A common place for miscommunication is relationships, especially marriages, is the performance of household chores. Keith and Schafer found a significant link between satisfaction over housework and the mental health of married women suggesting that homemaking may have a greater important when both spouses were equally present (1982). The traditional sex-roles which often survive in marriages lead to greater depressive symptoms and depression in married women, whereas non-traditional sex-role attitudes have been shown to decrease depression in single women (Keith & Schafer, 1982). It is not keeping the home which leads to the depressive symptoms, but the division of the work. The bigger the woman’s share of home responsibilities when compared to her partner the more likely she is to feel distressed and depressed (News for Healthy Living, 1999).
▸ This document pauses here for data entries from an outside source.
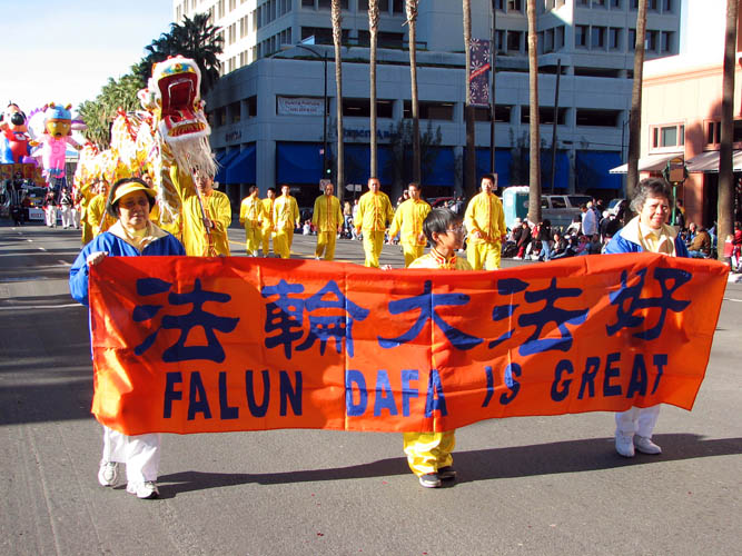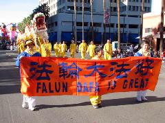 ![]() “法轮大法好”横幅 | ![]() 法轮功学员在花车上示范法轮功功法 |
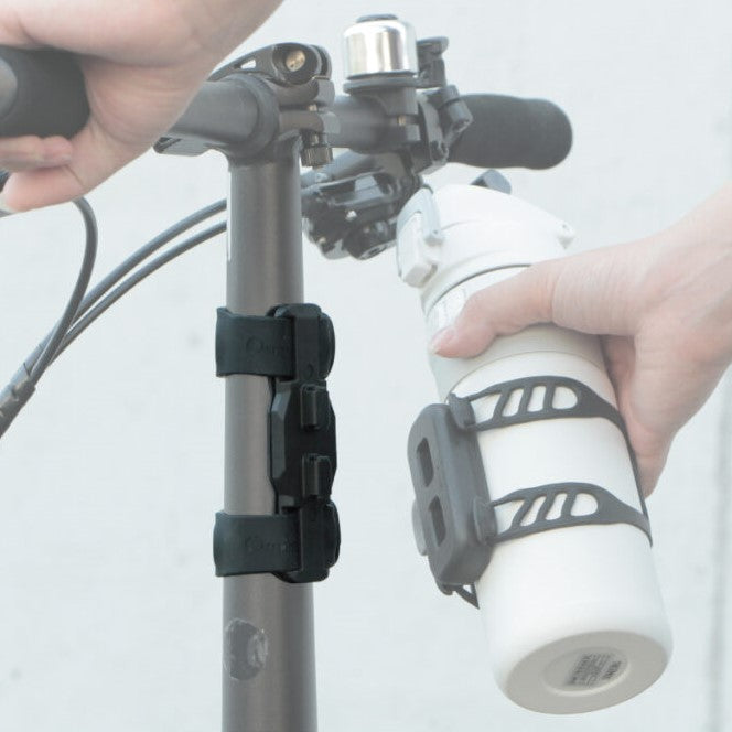 ダボ穴がなくてボトルケージを付けられない方に、ぜひおすすめしたいアタッチメントです。シリコンバンドがしっかりとフレームに巻き付き、安定感があるので走行中も安心。
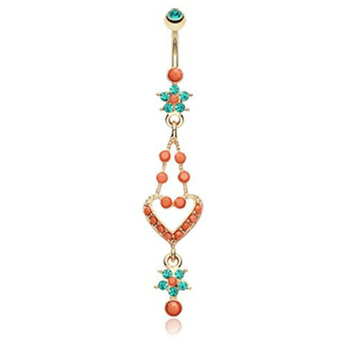 Golden Coral Flora Heart Belly Button Ring
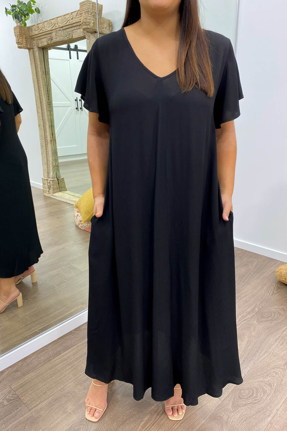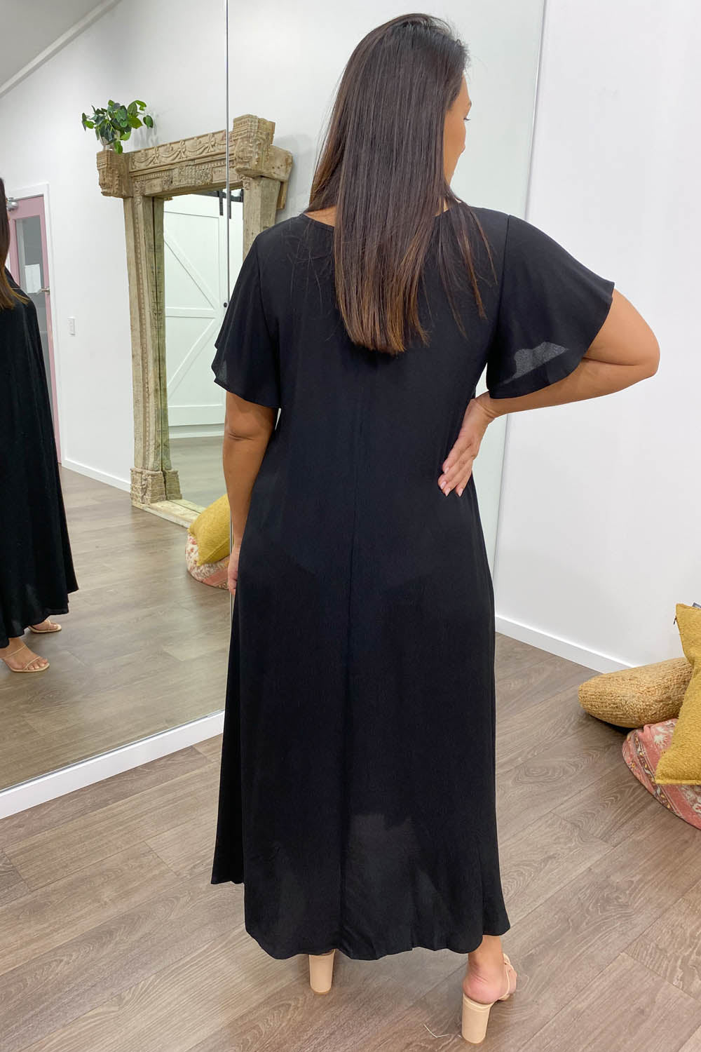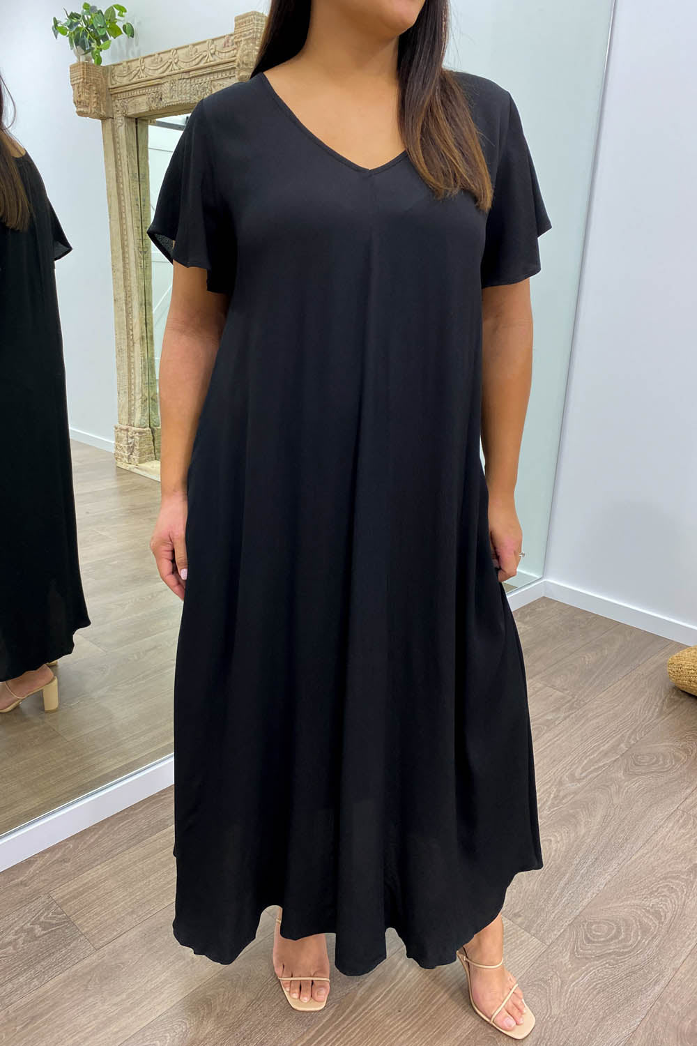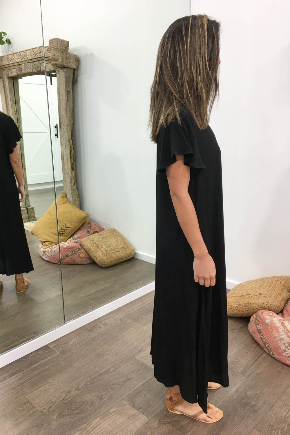 THIS DRESS IS STUNNING!!! So, so beautiful. The cut, the way it falls, the way it floats around you as you walk, and the simplicity of it. The sleeves are gorgeous – a good length and somehow pretty, almost like a frill but also not a frill, does that even make sense? Anyway, we LOVE it.
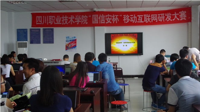 “深谙软件设计之道不比谁知道”——2014年5月8日,四川职业技术学院移动互联网研发大赛在一片期待声中拉开了帷幕。本次大赛由四川职业技术学院主办,成都国信安信息产业基地有限公司承办,通过为期一周的报名,计算机科学系大一、大二50多名同学踊跃参与了本次大赛。
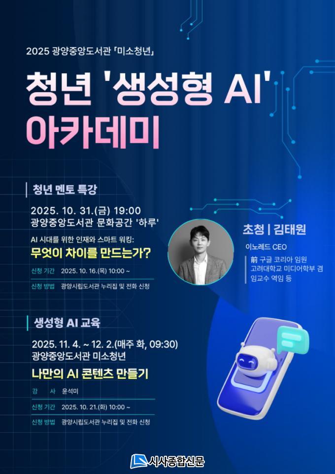 ¡®Ã»³â ¸àÅä Æ¯°¡¯Àº 10¿ù 16ÀÏ(¸ñ) ¿ÀÀü 10½ÃºÎÅÍ, ¡®»ý¼ºÇü AI ±³À°¡¯Àº 10¿ù 21ÀÏ(È) ¿ÀÀü 10½ÃºÎÅÍ °¢°¢ ¼±Âø¼øÀ¸·Î Á¢¼öÇϸç, ±¤¾ç½Ã¸³µµ¼°ü ´©¸®Áý°ú ÀüÈ(¢Ï061-797-3864)·Î ½ÅûÇÒ ¼ö ÀÖ´Ù. ÀÚ¼¼ÇÑ »çÇ×Àº ±¤¾çÁß¾Óµµ¼°üÀ¸·Î ¹®ÀÇÇÏ¸é µÈ´Ù
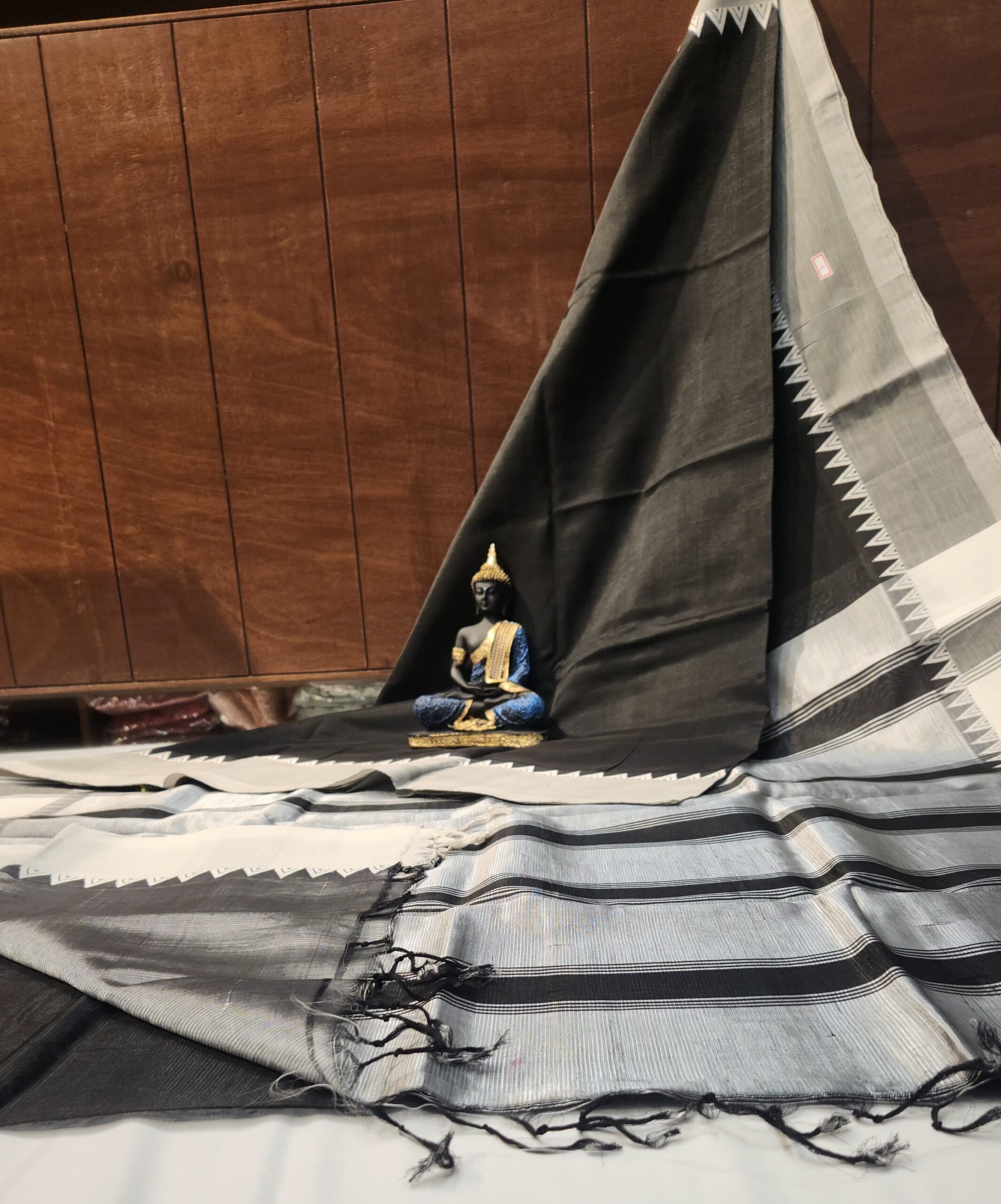 Gracefully handwoven in the heart of Andhra Pradesh, this Mangalgiri silk saree is a celebration of tradition and craftsmanship. Crafted from fine silk, it features a beautifully contrasting pallu that adds depth and drama. The standout element—the intricate thread temple border—enhances its elegance, making it perfect for festive occasions and intimate celebrations. Lightweight, lustrous, and timeless, this saree drapes like a dream.
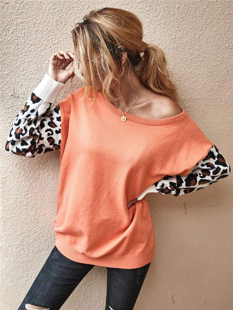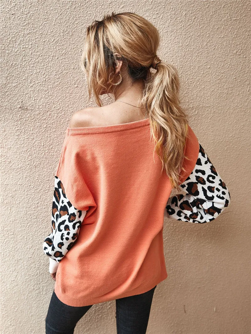 Свитер женский трикотажный, с длинным рукавом, с леопардовым принтом
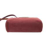 Details: Dual Interchangeable Canvas in Burgundy and Beige / Burgundy Leather Trim / Dual Rolled Handles / Detachable Shoulder Strap / Single Compartment with Flat Pocket / Pull-Through Closure at Front Flap
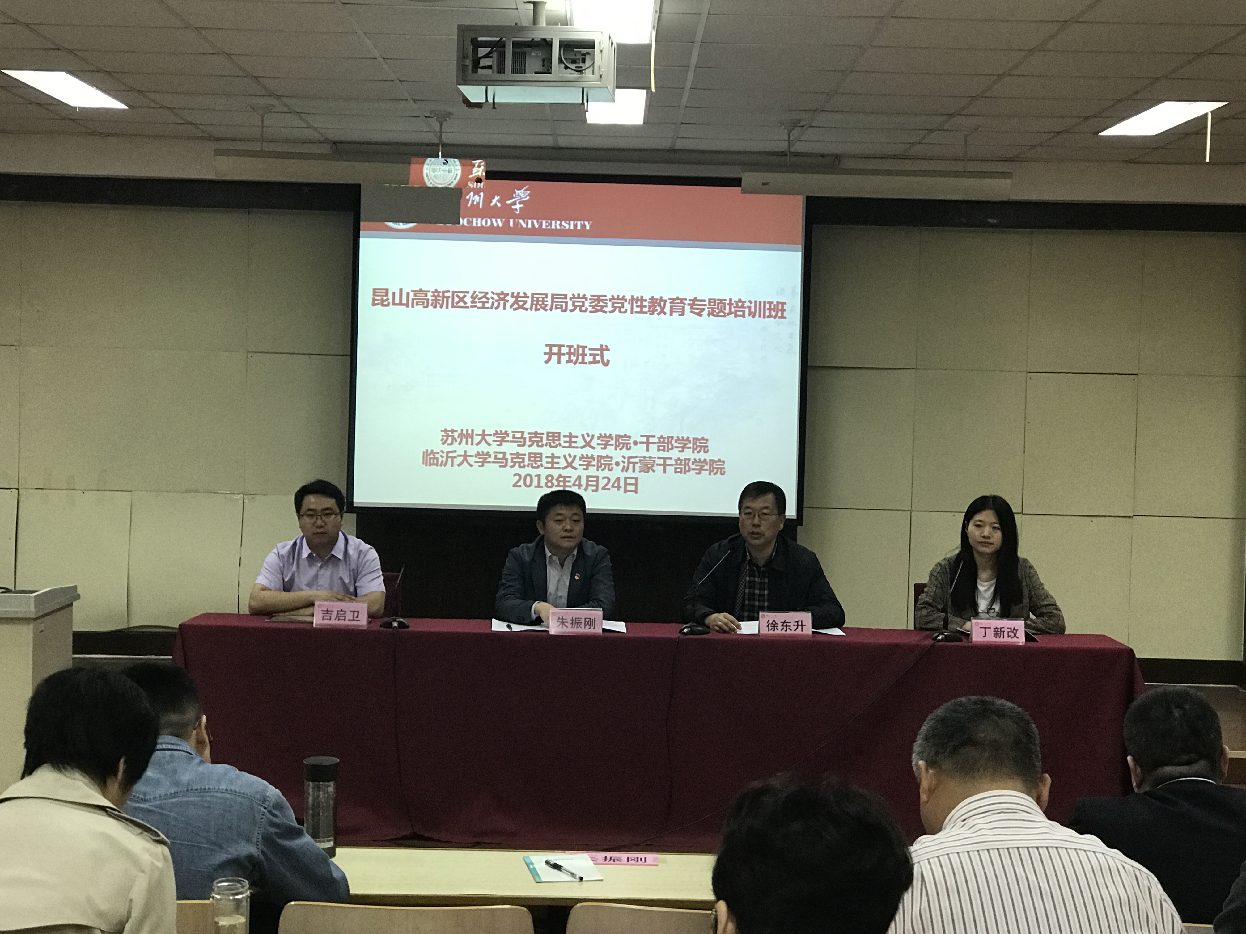 2018年4月23日—26日,欧美色情片 干部欧美色情片 顺利承办了昆山高新区经济发展局党委党性教育专题培训班。24日上午,培训班开班式在临沂大学沂蒙干部欧美色情片 举行。临沂大学欧美色情片 党委书记、沂蒙干部欧美色情片 院长徐东升教授,昆山高新区经济发展局副局长朱振刚,欧美色情片 干部欧美色情片 办公室主任吉启卫,欧美色情片 中国特色社会主义理论体系研究会副会长丁新改和参训学员出席了开班仪式。开班式由丁新改副会长主持。
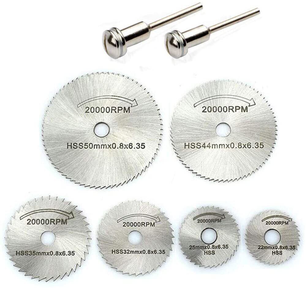 スリッターブレード 丸鋸刃セット 切削ディスク チップソー 丸鋸刃 切削ディスク ミニルーター ビットセット カッター 切断砥石 アルミ切断 切削ディスク直径 (22mm 25mm 32mm 35mm 44mm 50mm)切断鋸 彫刻工具 小径 HSS鋼 金属 木工用 電動研削盤 丸鋸刃セット 電気ドリルに適用可能 高速度鋼切削ディスク 砥石 切断鋸 超硬丸鋸刃 木工用ブレード ミニルーターアクセサリミニルーター/ルーター/マイクログラインダー用(6枚刃+マンドレル*2本 8点セット)
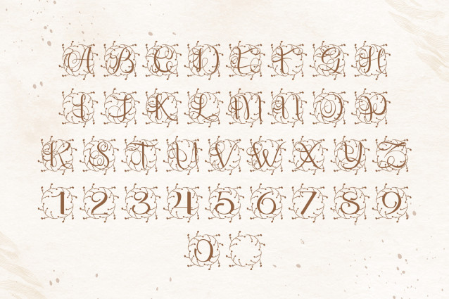 DM Cloverlyn Font is a graceful serif monogram font inspired by the charm of nature and refined simplicity. Each uppercase letter is paired with subtle clover and botanical elements, making it perfect for wedding branding, personalized gifts, Cricut crafts, and minimalist floral design projects.
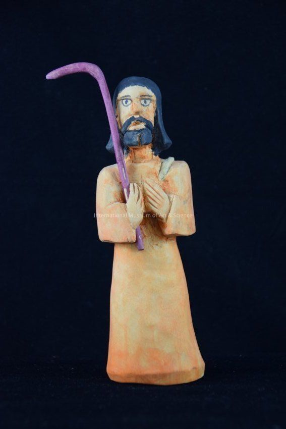 A wooden figurine of a man. The figure has on a robe in orange, and is holding a staff. The figurine is part of a nativity scene.Ethnography

Single, employed mothers most often experience distress and depression relating to their financial situations and their ability to care for their children. Married women usually experience this distress relating to their relationship with their partner and the things they were forced to give up for their marriage. Widowed and divorced women’s distress is generally focused around changing familial roles and the loss of familiar social support systems. Depression is more prevalent in widows and divorcees and least prevalent in married women, though this many have to do with the stress inducers of each group and the economic depression of the time period (St. John & Montgomery, 2009).
While the stressors of these women are all different, some common interventions are useful. Self-esteem is a large factor is all depressive symptoms and in the development of depression. Interventions aimed at increasing a woman’s self-esteem will be useful for all relationship levels (Keith & Schafer, 1982). Depressed women have higher levels of attachment insecurity and therefore decreased conflict resolution skills, it is not clear however if the depression causes the decrease in relationship effectiveness, or the dysfunctional relationship is the cause of the depression (Heene, Buysse, & Van Oost, 2007). Carefully selecting relationships to cultivate is important, whether growing new social support networks or strengthening existing ones, over or under stimulation socially is a large cause of depressive symptoms in women and mothers. A large conflict between work and home roles is a significant predictor of depression in women, so dividing the housework evenly among partners will significantly reduce the occurrences of depression (News for Health Living, 1999; Wang, 2004).
While depression will always occur in relationships, due to work and home stresses, from the burden of caring for children, and as a result of changes in a person’s life; knowing the proper way to combat those stressors will significantly reduce a women’s likelihood of developing depressive symptoms or anxiety disorders and allow them to pursue healthy and fulfilling relationships.